Here we search for any sequence of five words where the second and fourth word are the same.

In [2]:
pat = r'(\w+) (?P<dup>\w+) (\w+) (?P=dup) (\w+)'
show(pat, couplet)

In [3]:
cpat = re.compile(pat)
show(cpat, couplet)

## Find One

One of the common functions you will use is `re.search()`.  This will search for the first location where a match occurs, and return a *match object*.  The function `re.match()` is a more limited case of this, and will only match at the beginning of a string.  When no match is found the special value `None` is returned.

In [4]:
match = re.search(cpat, couplet)
if match is not None:
    print(match)

<re.Match object; span=(27, 50), match='fleece as white as snow'>


We can do a variety of operations with a match object.  For example, we could use the span in the original string to modify that string or extract a relevant portion.

In [5]:
couplet[match.start():match.end()]

'fleece as white as snow'

In [6]:
# A more obscure shorter spelling
couplet[slice(*match.span())]

'fleece as white as snow'

Since the pattern used contains groups, we can look at those.  Notice that our pattern included a back reference which re-uses a group.  Hence there are four groups, not five.

In [7]:
match.groups()

('fleece', 'as', 'white', 'snow')

An individual group can be retreived either by number, or by name if it is a named group.

In [8]:
match.group(3), match.group('dup')

('white', 'as')

## Splitting

Another useful thing do with regex patterns is to split strings apart.  The string method `.split()` can divide a string based on a fixed delimiter, but the function `re.split()` can divide based on an arbitrary complex regular expression.

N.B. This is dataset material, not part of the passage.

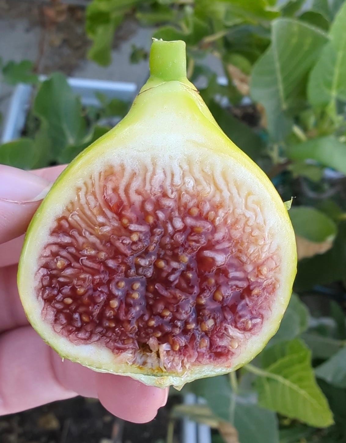 I am uncertain if mine were caprified, I didn’t test for it. It is unusual for me to have a whole tree of figs wasp pollinated, but pictures of this from the East coast look lighter than all of mine which has me thinking they were indeed pollinated. That of course influences my flavor description. One grower back East describes the taste as sweet, mild honey with tropical hints, even pineapple, and states that it is delicious. So who knows, maybe this fig is a two for one special? Hand pollinate a few and leave others not pollinated and see which you like best. Either way, you’re likely to have something yummy!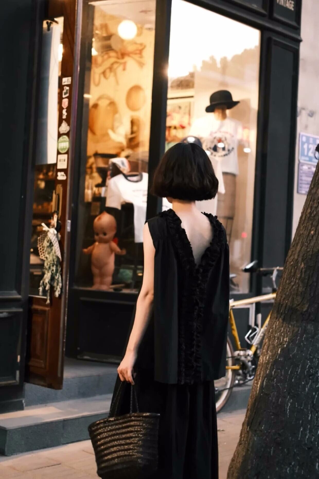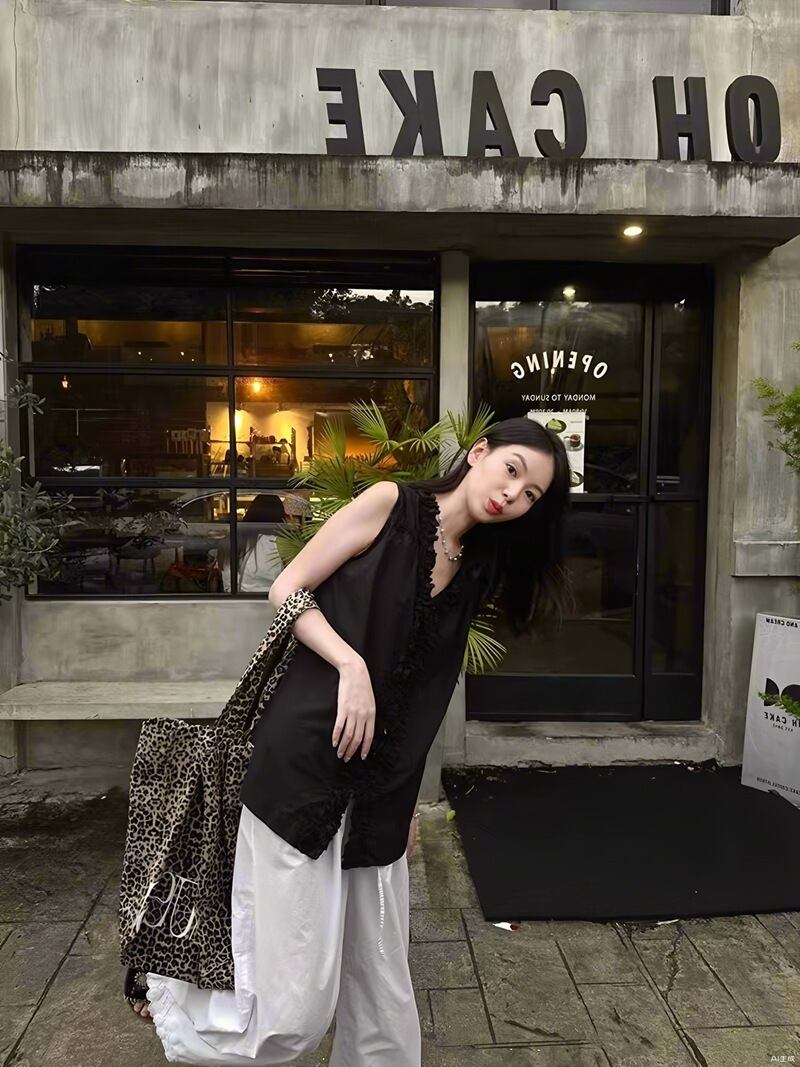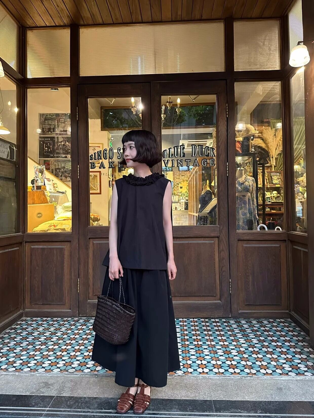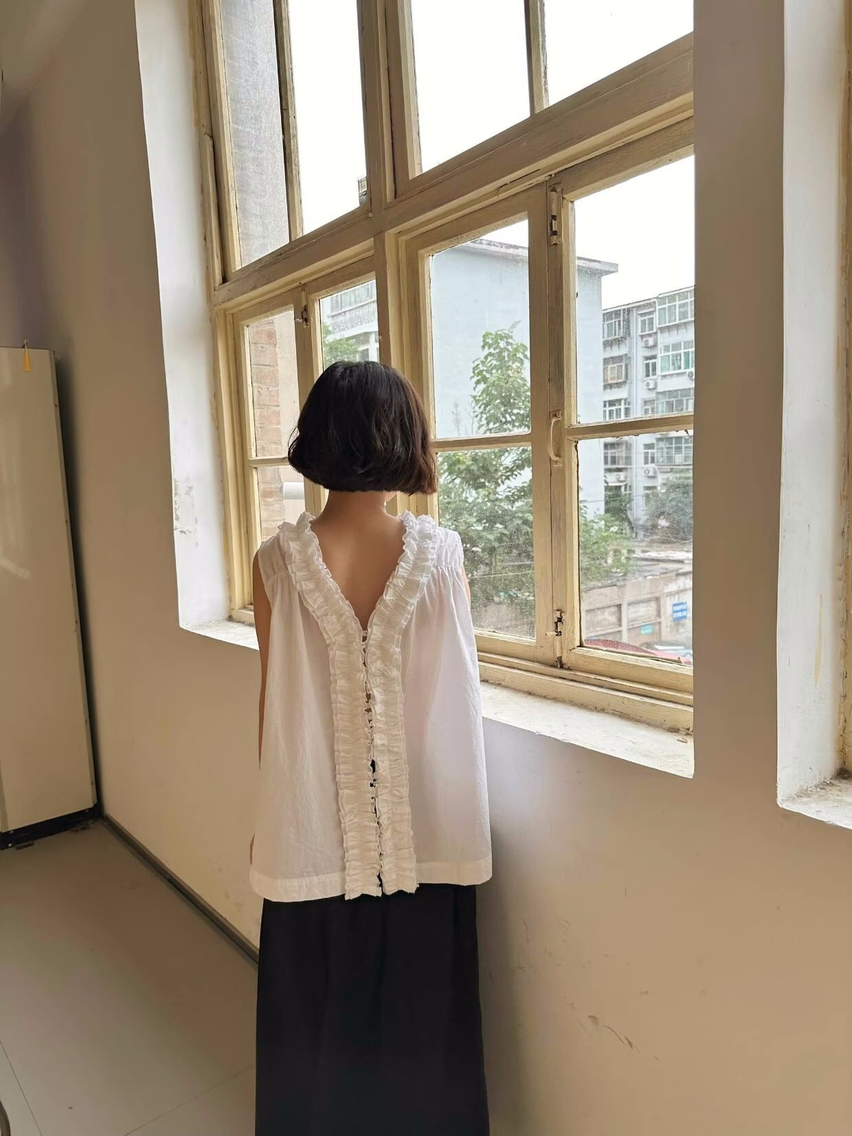 【バック着用時】 背中のフリルディテールがポイントとなり、後ろ姿まで美しく見せてくれます。カジュアルなお出かけスタイルにぴったりです。

For example, if you wished to divide the auto part list using both the dash and newlines, you might use:

In [9]:
print(re.split(r'[-\n]', parts))

['FORD', '2008', 'xyz37', 'FORD', '1998', 'ef445', 'TOYO', '1999', 'wxy66', 'TOYO', '2005', 'qrst3', 'FORD', '2010', 'ab614', 'MAZD', '1995', 'pqr33', 'TOYO', '2013', 'fg185', 'TOYO', '1997', 'abc23', 'FORD', '2012', 'lm034']

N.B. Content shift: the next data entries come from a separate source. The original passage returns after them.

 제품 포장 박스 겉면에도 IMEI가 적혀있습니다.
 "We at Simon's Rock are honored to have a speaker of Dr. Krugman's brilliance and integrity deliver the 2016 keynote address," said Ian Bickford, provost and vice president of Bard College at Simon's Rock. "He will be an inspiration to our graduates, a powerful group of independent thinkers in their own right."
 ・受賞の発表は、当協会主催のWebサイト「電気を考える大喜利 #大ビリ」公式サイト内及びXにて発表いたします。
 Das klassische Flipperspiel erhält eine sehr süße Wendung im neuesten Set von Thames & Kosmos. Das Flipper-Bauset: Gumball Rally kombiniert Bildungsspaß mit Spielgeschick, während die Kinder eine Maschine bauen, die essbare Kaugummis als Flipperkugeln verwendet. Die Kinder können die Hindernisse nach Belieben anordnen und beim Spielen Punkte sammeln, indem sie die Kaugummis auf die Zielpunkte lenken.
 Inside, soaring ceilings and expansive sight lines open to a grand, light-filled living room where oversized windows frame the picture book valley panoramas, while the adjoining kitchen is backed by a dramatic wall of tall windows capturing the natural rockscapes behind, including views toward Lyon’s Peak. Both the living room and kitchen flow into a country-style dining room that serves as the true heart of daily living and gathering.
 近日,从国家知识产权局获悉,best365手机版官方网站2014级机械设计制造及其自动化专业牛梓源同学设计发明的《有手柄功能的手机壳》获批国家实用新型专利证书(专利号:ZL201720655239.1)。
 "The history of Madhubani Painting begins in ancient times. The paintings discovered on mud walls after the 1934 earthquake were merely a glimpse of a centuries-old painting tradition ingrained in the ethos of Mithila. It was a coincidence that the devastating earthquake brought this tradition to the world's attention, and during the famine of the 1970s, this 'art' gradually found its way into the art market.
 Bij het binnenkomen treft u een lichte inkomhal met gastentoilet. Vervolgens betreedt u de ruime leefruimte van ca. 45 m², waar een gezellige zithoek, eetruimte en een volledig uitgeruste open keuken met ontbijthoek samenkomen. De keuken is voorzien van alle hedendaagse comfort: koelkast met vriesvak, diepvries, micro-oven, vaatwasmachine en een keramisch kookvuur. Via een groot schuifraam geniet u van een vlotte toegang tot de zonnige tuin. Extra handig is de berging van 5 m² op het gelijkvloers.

Even only selecting among two characters for the split is more than `str.split()` can perform directly, but let us try a slightly more complex pattern.  We want to split on the years and their surrounding dashes, but verify that years start with '1' or '2' and are four digits.

In [10]:
print(re.split(r'-[12]\d{3}-|\n', parts))

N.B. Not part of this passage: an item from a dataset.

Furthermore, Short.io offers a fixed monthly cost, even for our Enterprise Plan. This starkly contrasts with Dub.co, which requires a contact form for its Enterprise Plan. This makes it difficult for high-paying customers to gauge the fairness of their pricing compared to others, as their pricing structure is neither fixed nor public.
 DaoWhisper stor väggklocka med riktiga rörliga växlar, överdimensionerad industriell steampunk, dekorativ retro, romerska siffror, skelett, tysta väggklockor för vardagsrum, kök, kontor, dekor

['FORD', 'xyz37', 'FORD', 'ef445', 'TOYO', 'wxy66', 'TOYO', 'qrst3', 'FORD', 'ab614', 'MAZD', 'pqr33', 'TOYO', 'fg185', 'TOYO', 'abc23', 'FORD', 'lm034']


Probably more useful for this case is to perform a separate split per line.  We cannot easily do that with a regular expression alone, but can with just a bit of Python code.

In [11]:
[re.split(r'-[12]\d{3}-', part) for part in parts.splitlines()]

[['FORD', 'xyz37'],
 ['FORD', 'ef445'],
 ['TOYO', 'wxy66'],
 ['TOYO', 'qrst3'],
 ['FORD', 'ab614'],
 ['MAZD', 'pqr33'],
 ['TOYO', 'fg185'],
 ['TOYO', 'abc23'],
 ['FORD', 'lm034']]

## Find Many

Two function provide the ability to find all matches to a pattern within a string rather than just the first.  The function `re.findall()` returns a concrete list of all matches as strings.  The function `re.finditer()` creates an iterator of match objects.

In [12]:
print(re.findall(r'(?<=-)[12]\d{3}(?=-)', parts))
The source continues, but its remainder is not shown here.